BYOK is orthogonal to where the model runs. The same configuration can point at:

  • a managed cloud service - Anthropic, OpenAI, Hugging Face Inference Providers, Cerebras, etc. (set base_url to the vendor endpoint); or
  • a model you host yourself - Ollama, vLLM, or Text Generation Inference behind your own network (set base_url to your server, usually with compat: openai-strict).

Self-hosting removes per-token vendor cost and keeps data in your infrastructure, at the price of running and scaling the inference server. Managed services trade cost-per-token for zero operational overhead and instant access to frontier models.

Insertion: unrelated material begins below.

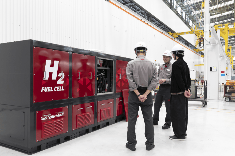 “This is our hydrogen fuel cell system, ‘FC Yanmar.’ Today, we’re giving you special access to see the inside as well.”

Per-agent provider and model

Inference is not all-or-nothing. Each agent may name its own provider and model (see Configuration → Agents); agents that name neither fall back to default_provider and that provider's default_model. This lets you match the model to the job - a small, cheap model for a data-lookup agent and a stronger model for a document-authoring or research agent - which is the single biggest lever on both quality and cost. Model Requirements covers how to make that call, and Model Evaluation backs it with measured data.